More circumstantial evidence that there’s more to the universe than science presently admits… or perhaps that this can’t possibly be the real universe. 😉
“Using 3D printers to restore coral”
I’ve talked about 3D printers before, and how they’re destined to revolutionize everything from medicine to construction, but this is an application I’d never considered.
“When Technology Overtakes Security”
Bruce Schneier, the well-known security expert (warning: that’s an extremely tongue-in-cheek encryption-geekery fan-site), has a new essay on his (real) site today, and it touches on a subject that I’ve talked about before: how at some point in the near future, technology will make it possible for single individuals or small groups to cause destruction on a massive scale.
As I said in that article, the only way you’ll be able to protect yourself at that point is by demanding that your government enforce a minimum level of mental health on its citizens… something that will produce a society that we would recognize, but would hardly believe possible today.
For those who have followed my own journey toward mental health with interest (I know there are at least a handful of you 😉 ), here’s an update.
My discovery of false beliefs has slowed to a trickle. In the last couple months I’ve only found two. One was related to self-esteem, and may well have been the original root of all my self-esteem issues. It was something so utterly ridiculous that I’d be embarrassed to describe it, and odd enough that I doubt anyone else would have it.

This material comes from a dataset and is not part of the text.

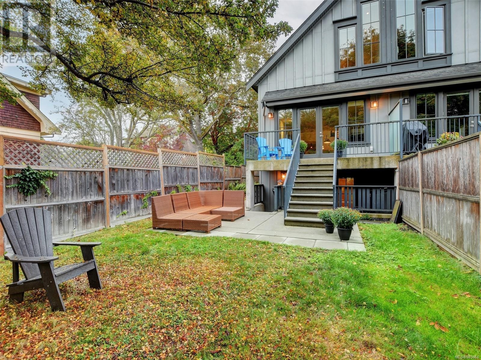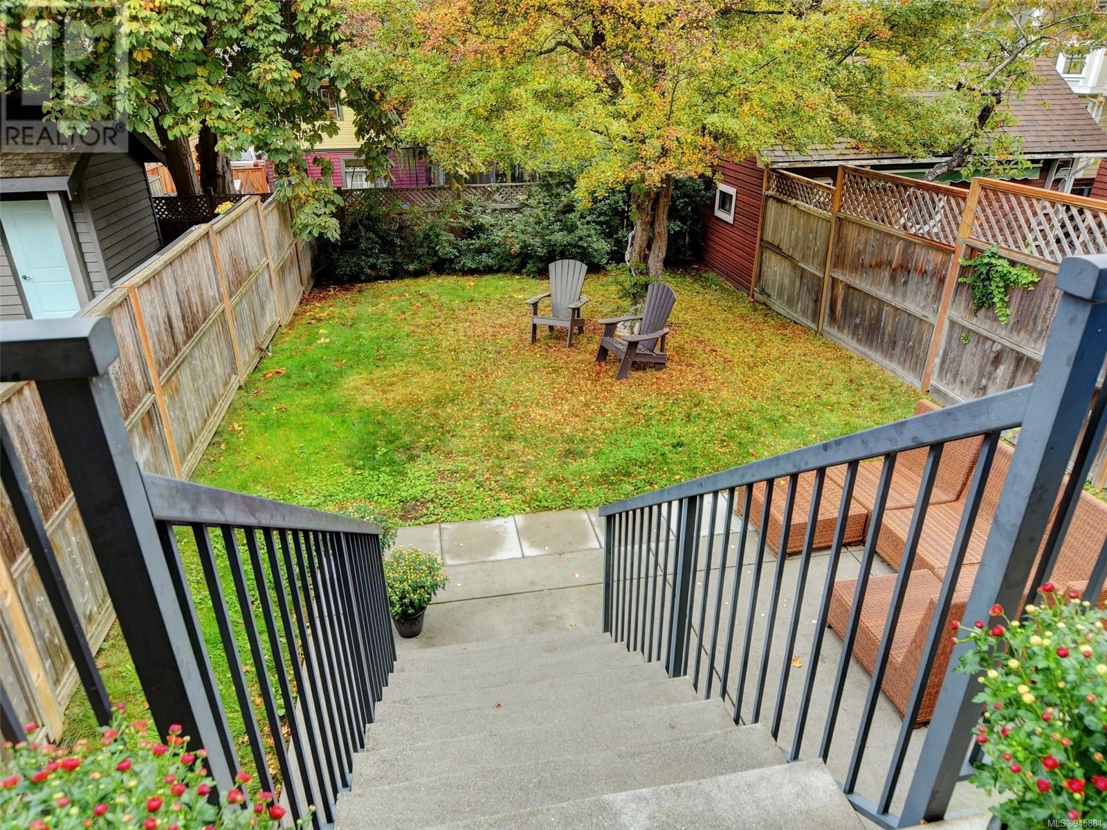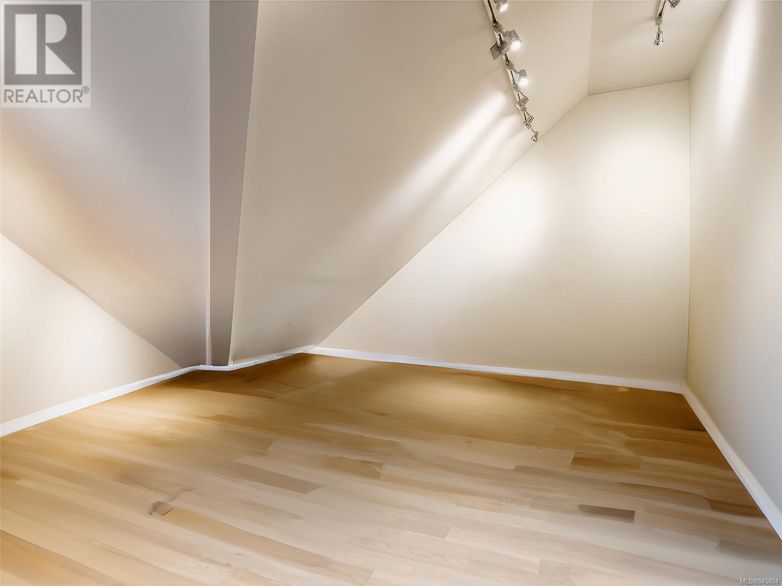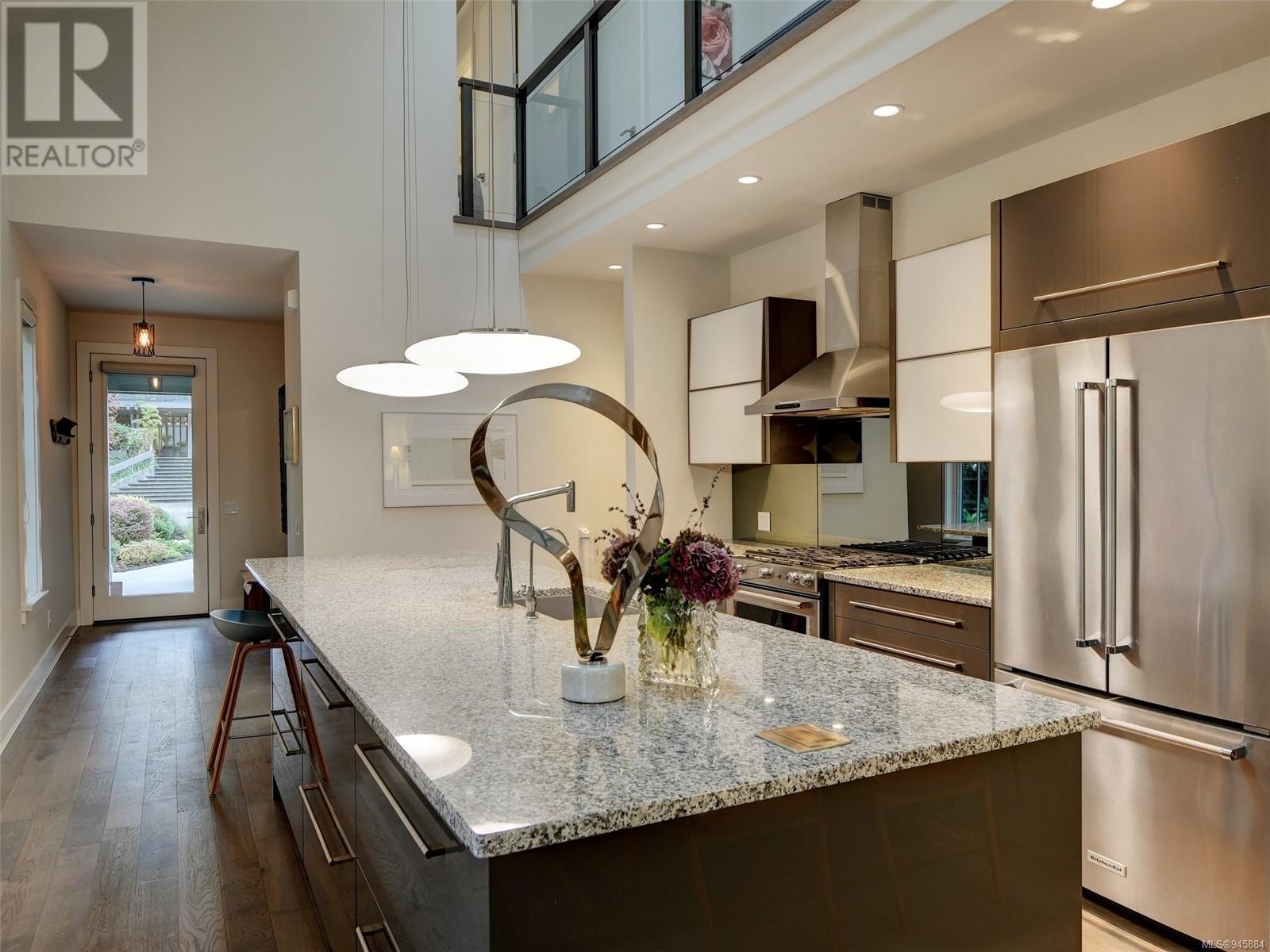 Prepare yourself for an experience when you step in the front entrance of this posh pad on one of James Bay's best streets. You'll feel the essence of this home immediately. Designed by Bruce Wilkin with form and function in mind, and just perhaps an edge with dramatic results. A 20' ceiling provides wall space for the most sizable art and the flow is perfect for seamless entertaining. Hardwood throughout with underfloor heat on all 3 levels. Detailed finishing with quality materials both inside and out lend a step-above flair, including the concrete deck and steps off the living room to a west facing garden. A catwalk connects 2 vaulted bedrooms up, each with ensuites, and a future 216' gym/closet/office is yours for the finishing. The lower level walkout offers flex with a fitness/rec room/nanny/home office with a 3rd bedroom, bath & laundry. Just minutes to the ocean, Beacon Hill Park, downtown, and the shopping on Menzies and Cook Streets. (id:22211)

The other had nothing to do with self-esteem, but was making it difficult to do things that I wanted and needed to if they were at all repetitions of something I’d already done — and when you think about it, once you reach your twenty-fifth or thirtieth birthday (occasions I’ve long since passed), just about everything is repetitious in some way. I’m not certain that I’ve dealt with that one fully yet; I can’t trace it to specific memories like most of the others, I only know what must have happened, based on what I know about my parents and how I reacted to such things. We’ll see over the next few weeks whether that worked, there may be more to do on it.
Other than that, everything seems stable. I’m still far happier than I was before I started… not euphoric, but a deep happiness that persists regardless of my surface emotions. Nothing seems to keep me down for more than a day now (far better than a six-month major depressive episode, a black hole that I was sucked into on a regular basis for most of my first thirty years of life). I’ve even stopped taking antidepressants, which were the only things that kept me going before learning about false beliefs and how to eliminate them.
I’m able to do things that I would never have considered before. I’m still socially awkward, but I’m no longer anxious about it, and I’m sure I’ll be able to improve it when I get around to devoting some time to the problem.
Life still isn’t a bowl of cherries, but it’s improving rapidly. 🙂
“New nuke could POWER WORLD UNTIL 2083”
If this works as advertised, it could be the solution to all our power problems. I can’t see how or whether it could work (I don’t follow the bit that says “the fluid is then pumped into a graphite core to induce a reaction and generate heat,” given that the fuel is basically radioactive waste from conventional nuclear plants and isn’t supposed to have the kick to generate anything but waste heat), but if it does, we’ve got a winner.